** Given information **
☆ ☆ ☆ ☆
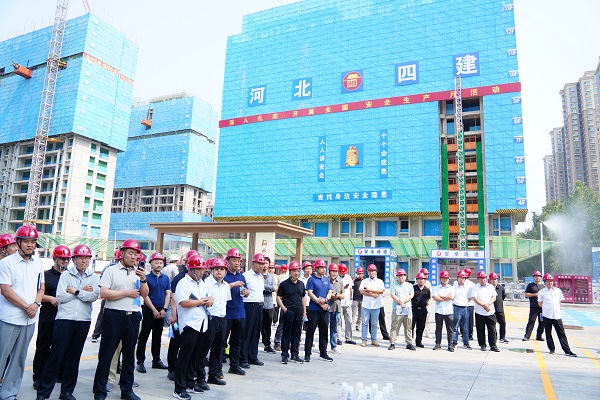 仲夏時節(jié),萬物并秀。6月12日上午,二分公司西三教城中村改造回遷項目部,迎來了由河北建工集團總工程師李占武帶隊,各分公司生產(chǎn)經(jīng)理、安全科長、項目經(jīng)理等組成的百人觀摩團。本次觀摩全面展現(xiàn)了項目部在智慧賦能安全生產(chǎn)領(lǐng)域的深耕成果,一系列安全文明施工標準化做法和智能化設(shè)備的實際應(yīng)用成效,贏得了觀摩人員一致好評。
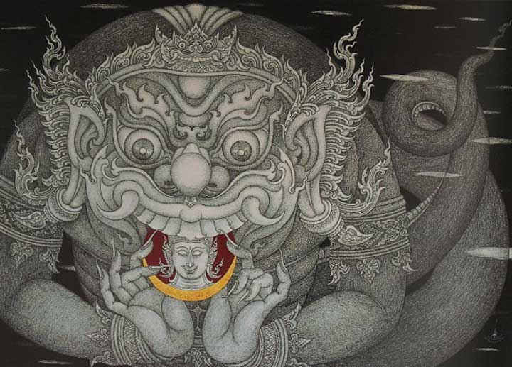 Le géant Rahu (ราหู) dévorant la lune. ⇑
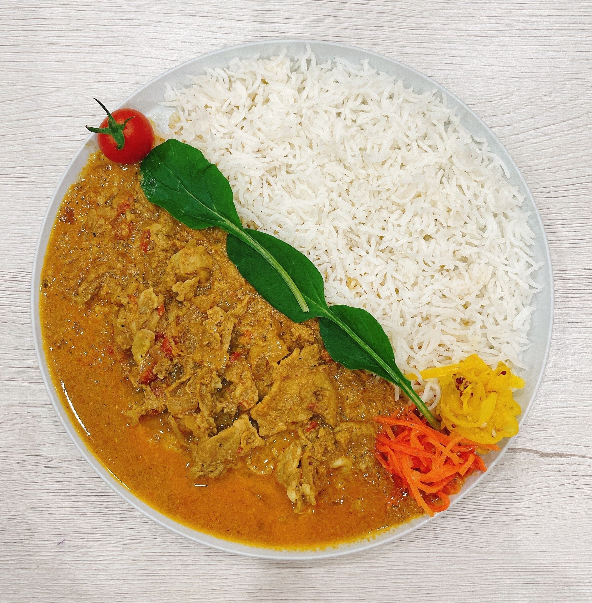 スパイスに漬けこんだ豚こま肉がご飯と絡む少し酸味の効いたカレー。ブラックペッパーと青唐辛子の爽やかな辛味をココナッツミルクですこしまろやかに仕上げています。辛味、甘味、酸味のバランスが特徴的なカレーです。
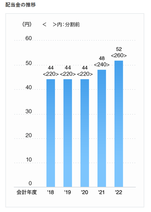 最後にトヨタの配当金の推移を確認しましょう。
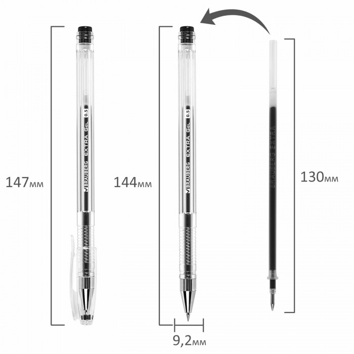 Гелевые ручки BRAUBERG "EXTRA" - набор черных ручек на каждый день для работы и учебы.
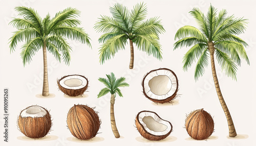 Frontal view of two Phoenix dactylifera date palm trees showcasing the lush green fronds against a pristine white background.
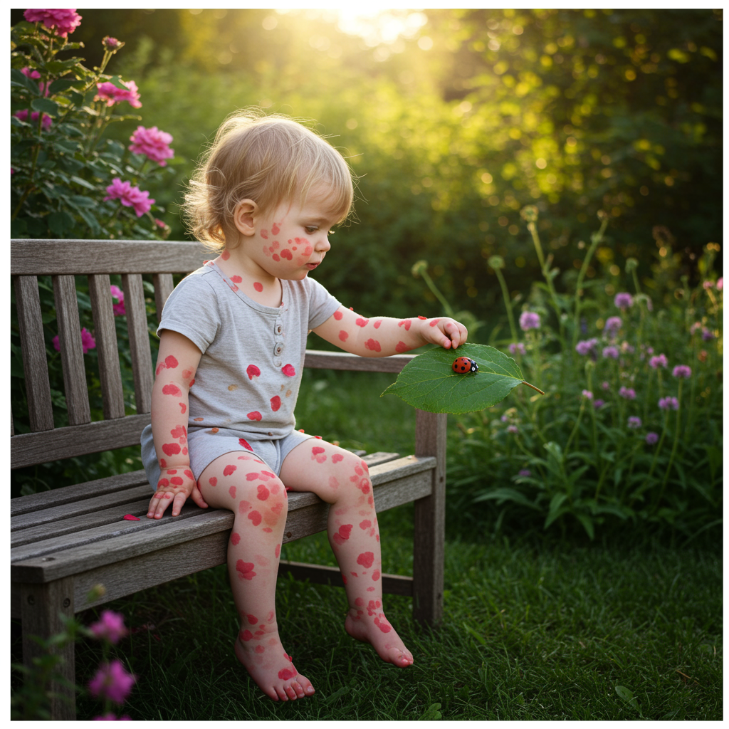 Capture a serene garden scene bathed in golden afternoon light, where a child sits on a rustic wooden bench with a curious expression, arms and legs spotted with small, red, petal-like marks resembling a mysterious rash that contrasts vividly against the lush greenery and blooming flowers; the child's gaze focused intently on a ladybug crawling over a leaf, symbolizing both innocence and the small mysteries of life.
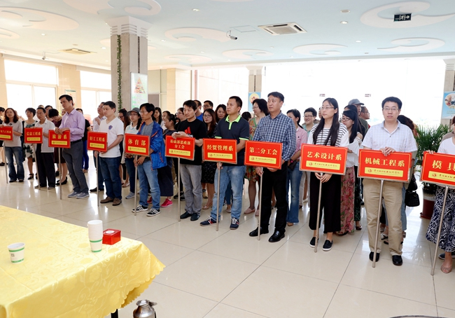 后管处副处长林伟为大家宣读比赛规则,工会副主席管卫中宣布比赛开始后,60余名男女教职工开始包各种各样的具有各地特色的粽子,如四角粽子、方粽、小脚粽子等。最后,评委老师根据粽子的外观、紧密程度、大小重量等比赛规则,评选出了前三名的团队:机关二分工会获得一等奖,机械工程系分工会获得二等奖,经贸管理系分工会获得三等奖。
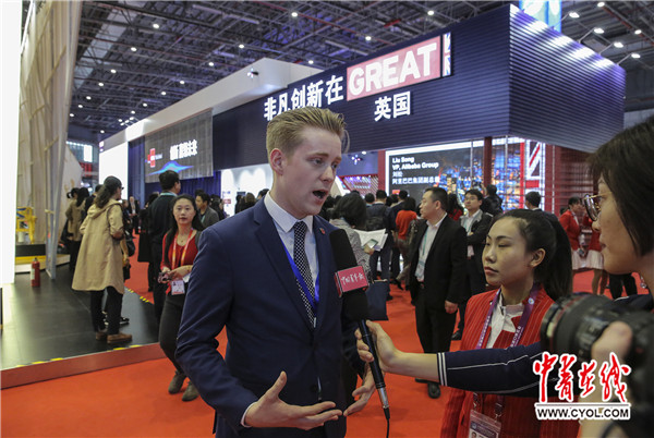 11月6日上午,首届进博会英国馆前,英国保守党青年事务负责人格雷格·史密斯接受中国青年报·中青在线记者采访。 中国青年报·中青在线记者 李峥苨/摄
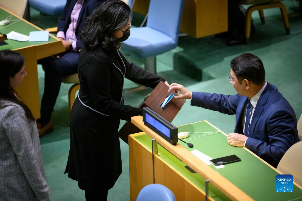 A delegate (R) casts his vote during a by-election for membership in the Human Rights Council, at the UN headquarters in New York, May 10, 2022. The UN General Assembly on Tuesday elected the Czech Republic to the Human Rights Council to fill the vacancy left by Russia, whose membership was suspended. (Loey Felipe/UN Photo/Handout via Xinhua)
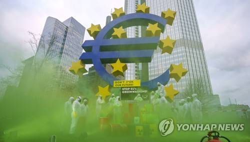epa09678866 Activists of KoalaKollektiv during a protest in front of the Euro sign in Frankfurt am Main, Germany, 11 January 2022. The KoalaKollektiv protest s against the greenwashing of nuclear energy and natural gas by the taxonomy of the EU. The Kollektiv calls on the German government to vote in the EU Council of Ministers with a clear against the EU Commission's taxonomy proposal and to support the planned lawsuit of Austria and Luxembourg. EPA/RONALD WITTEK
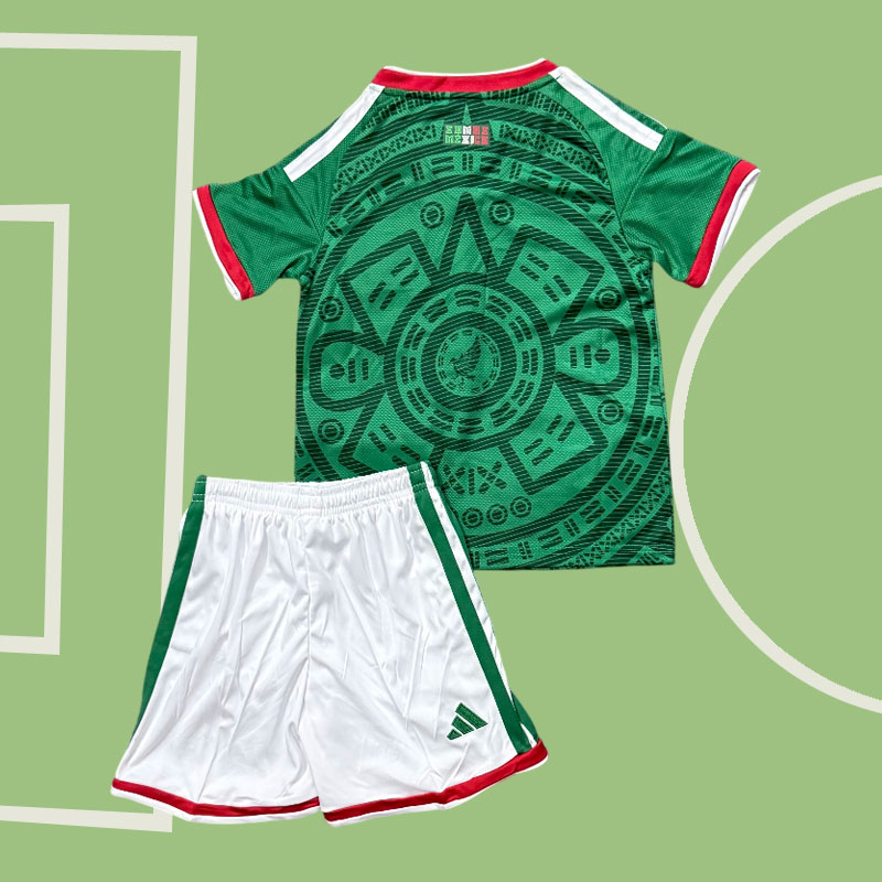 Mexiko Barn 2026 VM Hemmatröja – Fotbollströja och Shorts Set är ett perfekt val för unga fans som vill visa sitt stöd med stil. Denna Mexiko 2026 barn fotbollströja inspireras av ikoniska aztekiska mönster och kombinerar en modern look med traditionella detaljer. Grön bas med mörkare geometriska motiv skapar en kraftfull design som sticker ut både på planen och i vardagen.
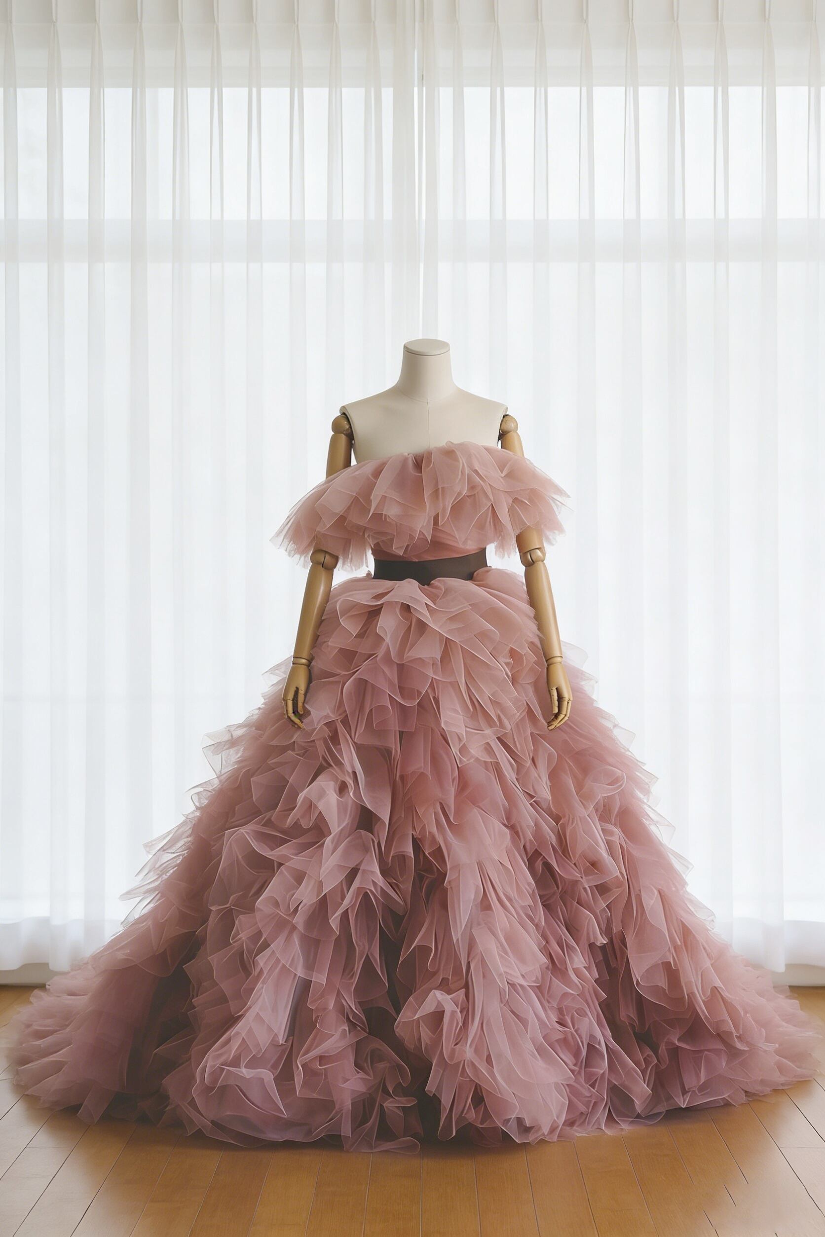 カラードレス ピンク 3ways 取り外しオフショルダー もこもこドレス 編み上げ 華やか 結婚式 花嫁
☆ ☆ ☆ ☆
** What the exercise asks **
The line containing "Frontal view of" marks the end; please output exactly the lines of the listing above from its first line through that line, without pictures.

** Exercise result **
 仲夏時節(jié),萬物并秀。6月12日上午,二分公司西三教城中村改造回遷項目部,迎來了由河北建工集團總工程師李占武帶隊,各分公司生產(chǎn)經(jīng)理、安全科長、項目經(jīng)理等組成的百人觀摩團。本次觀摩全面展現(xiàn)了項目部在智慧賦能安全生產(chǎn)領(lǐng)域的深耕成果,一系列安全文明施工標準化做法和智能化設(shè)備的實際應(yīng)用成效,贏得了觀摩人員一致好評。
 Le géant Rahu (ราหู) dévorant la lune. ⇑
 スパイスに漬けこんだ豚こま肉がご飯と絡む少し酸味の効いたカレー。ブラックペッパーと青唐辛子の爽やかな辛味をココナッツミルクですこしまろやかに仕上げています。辛味、甘味、酸味のバランスが特徴的なカレーです。
 最後にトヨタの配当金の推移を確認しましょう。
 Гелевые ручки BRAUBERG "EXTRA" - набор черных ручек на каждый день для работы и учебы.
 Frontal view of two Phoenix dactylifera date palm trees showcasing the lush green fronds against a pristine white background.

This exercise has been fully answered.